I wanted to share with you some of the pope’s words to our young people as they gathered at the Saturday prayer vigil for World Youth Day. It is not only addressed to young people but to us all. Old, young, great grandparents, grandparents, parents, children.
“In life there is another, even more dangerous, kind of paralysis. It is not easy to put our finger on it. I like to describe it as the paralysis that comes from confusing happiness with a sofa. In other words, to think that in order to be happy all we need is a good sofa. A sofa that makes us feel comfortable, calm, safe. A sofa like one of those we have nowadays with a built-in massage unit to put us to sleep. A sofa that promises us hours of comfort so we can escape to the world of videogames and spend all kinds of time in front of a computer screen. A sofa that keeps us safe from any kind of pain and fear. A sofa that allows us to stay home without needing to work at, or worry about, anything. “Sofa-happiness”! That is probably the most harmful and insidious form of paralysis, since little by little, without even realizing it, we start to nod off, to grow drowsy and dull while others – perhaps more alert than we are, but not necessarily better – decide our future for us. For many people in fact, it is much easier and better to have drowsy and dull kids who confuse happiness with a sofa.
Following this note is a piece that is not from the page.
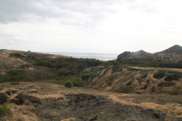 | オガサワラスナハキバチの巣がある場所です。 砂の中に穴を掘って巣を作るそうです。 |

For many people, that is more convenient than having young people who are alert and searching, trying to re- spond to God’s dream and to all the restlessness present in the human heart.
The truth, though, is something else. Dear young people, we didn’t come into this work to “vegetate”, to take it easy, to make our lives a comfortable sofa to fall asleep on. No, we came for another reason: to leave a mark. It is very sad to pass through life without leaving a mark. But when we opt for ease and convenience, for confusing happiness with consumption, then we end up paying a high price in- deed: we lose our freedom.
This is itself a great form of paralysis, whenever we star thinking that happiness is the same as comfort and convenience, that being happy means going through life asleep or on tranquilizers, that the only way to be happy is to live in a haze. Certainly, drugs are bad, but there are plenty of other socially acceptable drugs, that can end up enslaving us just the same. One way or the other, they rob us of our greatest treasure: our freedom.
My friends, Jesus is the Lord of risk, of the eternal “more”. Jesus is not the Lord of comfort, security and ease. Following Jesus demands a good dose of courage, a readiness to trade in the sofa for a pair of walking shoes and to set out on new and uncharted paths. To blaze trails that open up new horizons capable of spreading joy, the joy that is born of God’s love and wells up in your hearts with every act of mercy. To take the path of the “craziness” of our God, who teaches us to encounter him in the hungry, the thirsty, the naked, the sick, the friend in trouble, the prisoner, the refugee and the migrant, and our neighbors who feel abandoned. To take the path of our God, who encourages us to be politicians, thinkers, social activists. The God who asks us to devise an economy inspired by solidarity. In all the settings in which you find yourselves, God’s love invites you bring the Good News, making of your own lives a gift to him and to others.”
Words from Pope Francis at the Saturday evening prayer Vigil, Krakow, Poland, 2016.